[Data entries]

Start of Block

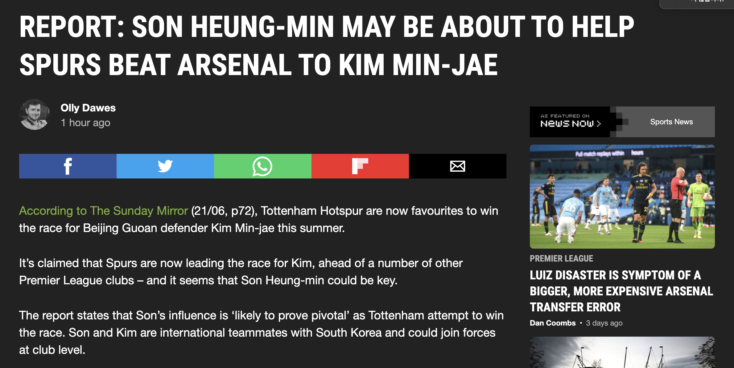 출처 : https://www.hitc.com/en-gb/2020/06/21/report-son-heung-min-may-be-about-to-help-spurs-beat-arsenal-to-kim-min-jae/
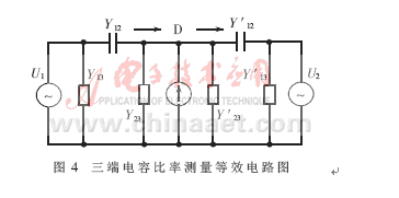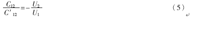 如果將兩個(gè)三端電容串接起來,分別用兩個(gè)信號(hào)源供電,就形成了如圖4所示的等效電路,其中,Y12=jωC12,Y′12=jωC′12。在公共點(diǎn)D與接地端之間連接一個(gè)檢流計(jì),調(diào)節(jié)兩個(gè)外加電壓的幅值和相位,使通過兩個(gè)直接電容流向D點(diǎn)的電流大小相等、方向相反,直道檢流計(jì)指零,便可得到下面的關(guān)系式:
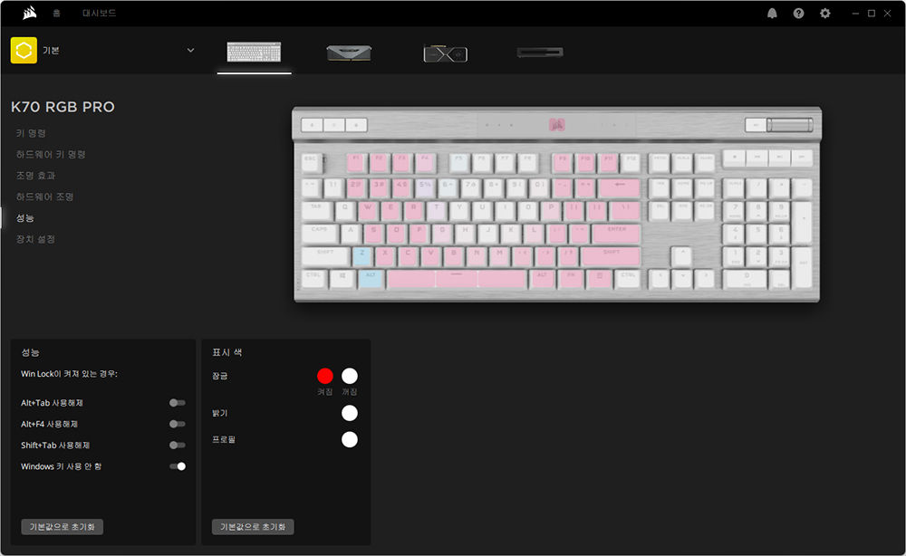 왼쪽 위를 살펴보면 프로필 전환과 백라이트 밝기 그리고 Windows 키 잠금 핫키가 배치되어 있습니다. 전용 소프트웨어를 사용하지 않고도 해당 기능들을 빠르게 사용할 수 있다는 장점이 있습니다.
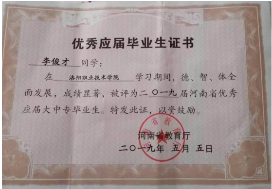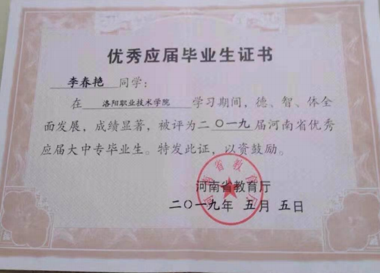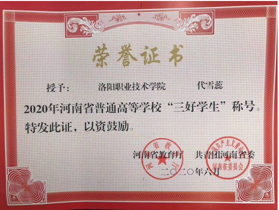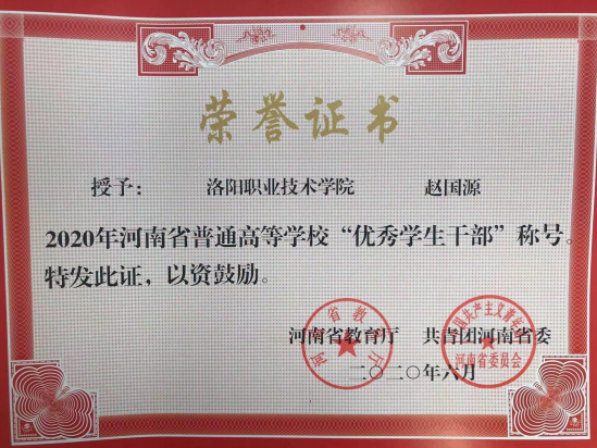 尹苗苗,2020年6月,河南省优秀学生干部;
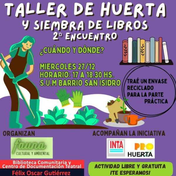By Leo Iglesias01/10/2024Taller de huerta y Siembra de libros. Día: Miércoles 27/12/2023 Hora: 17 hs. Lugar: SUM Barrio San Isidro (Esquina Urquiza y Tulipanes). Actividad...
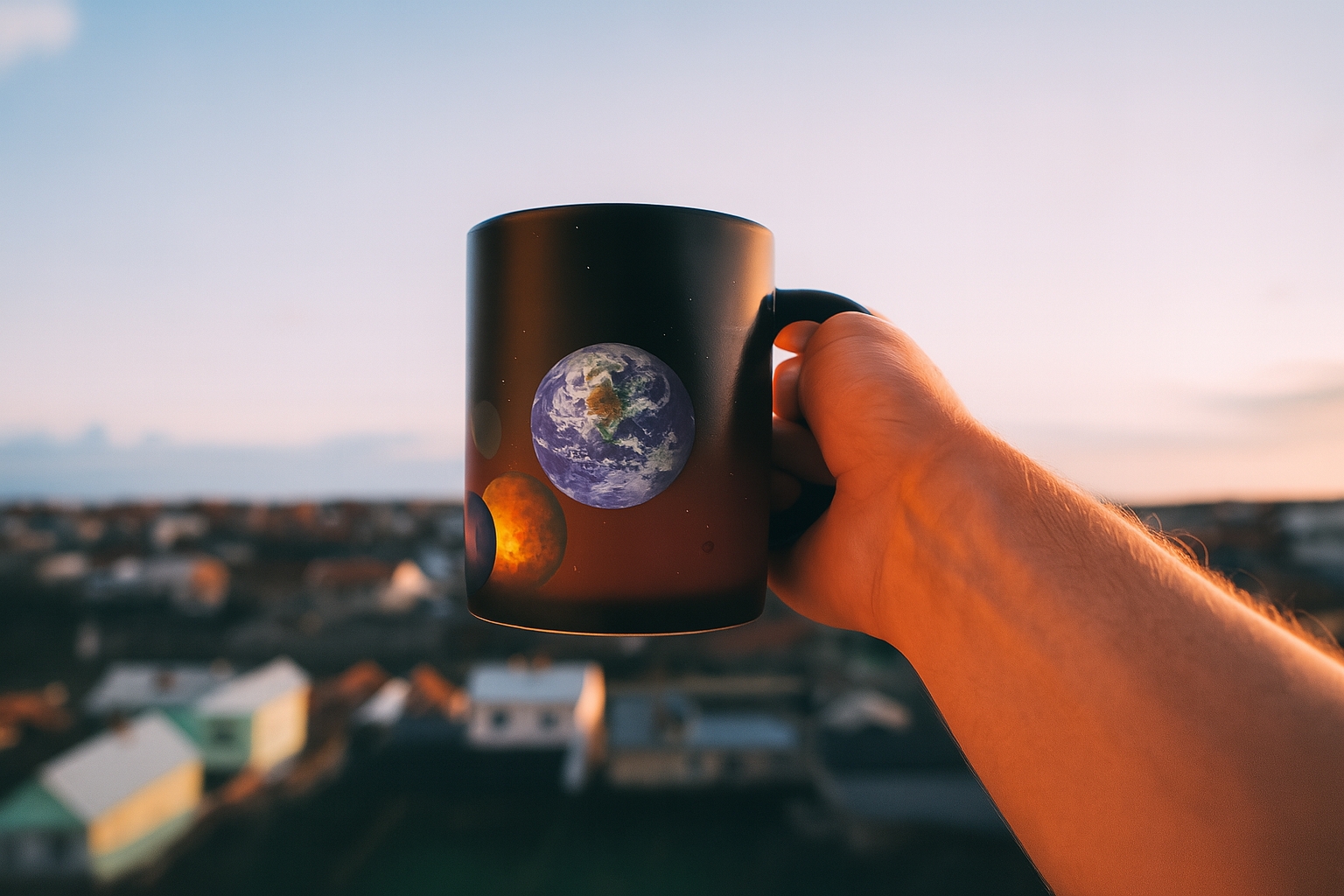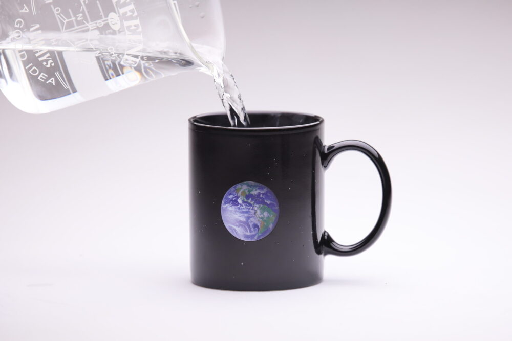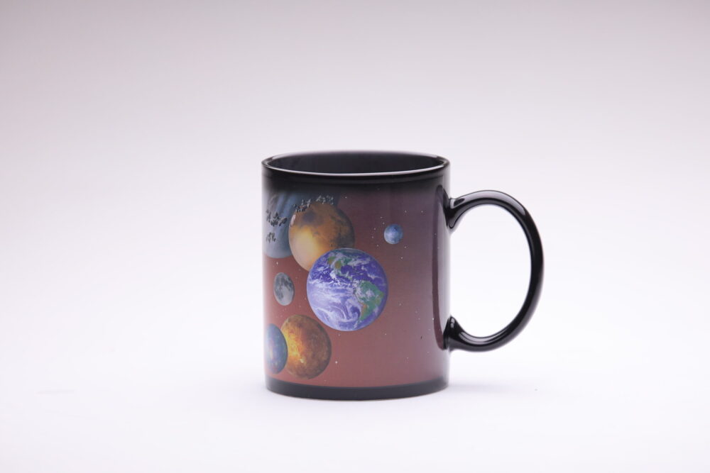 The moment you pour in a hot drink, the planets “pop” into view as if clocking in for work.
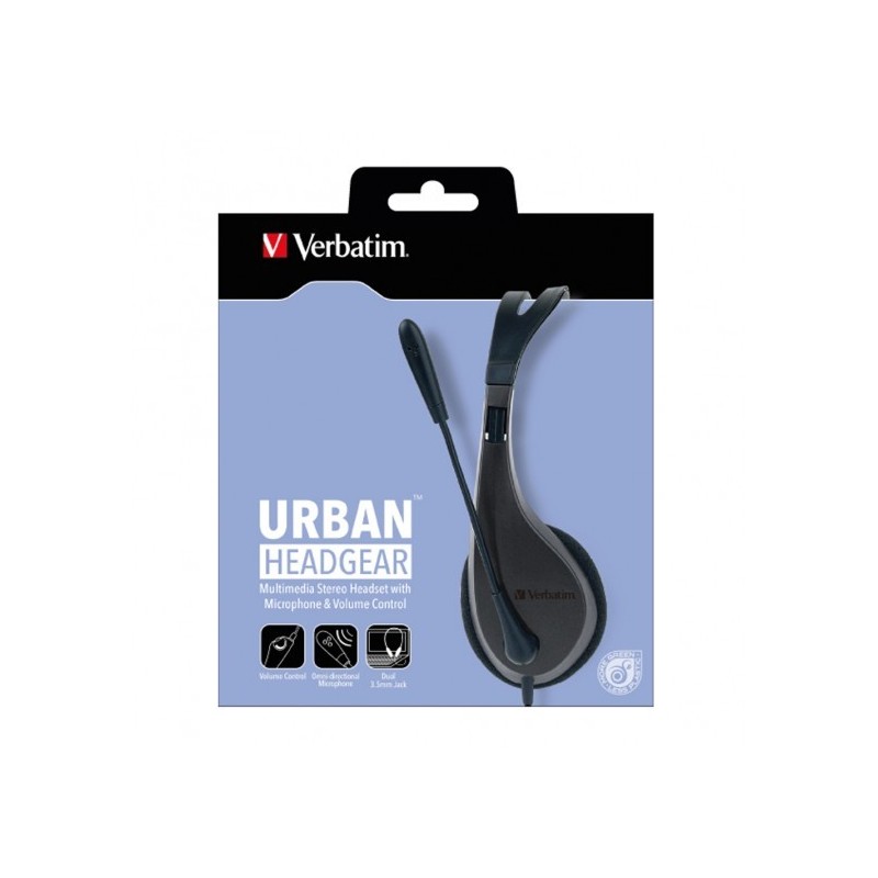 Verbatim Multimedia Headset with Microphone - 3.5mm Jack, Wide Frequency Stereo, 40mm Drivers, Comfortable Ergonomic Fit, Adj

End of Block

• **Exercise description**: For this exercise, set down exactly the lines that run from the line holding "왼쪽 위를 살펴보면 프로필" to the last line of the records above; include both end lines and omit pictures.

• **Your response**:
 왼쪽 위를 살펴보면 프로필 전환과 백라이트 밝기 그리고 Windows 키 잠금 핫키가 배치되어 있습니다. 전용 소프트웨어를 사용하지 않고도 해당 기능들을 빠르게 사용할 수 있다는 장점이 있습니다.
 尹苗苗,2020年6月,河南省优秀学生干部;
By Leo Iglesias01/10/2024Taller de huerta y Siembra de libros. Día: Miércoles 27/12/2023 Hora: 17 hs. Lugar: SUM Barrio San Isidro (Esquina Urquiza y Tulipanes). Actividad...
 The moment you pour in a hot drink, the planets “pop” into view as if clocking in for work.
 Verbatim Multimedia Headset with Microphone - 3.5mm Jack, Wide Frequency Stereo, 40mm Drivers, Comfortable Ergonomic Fit, Adj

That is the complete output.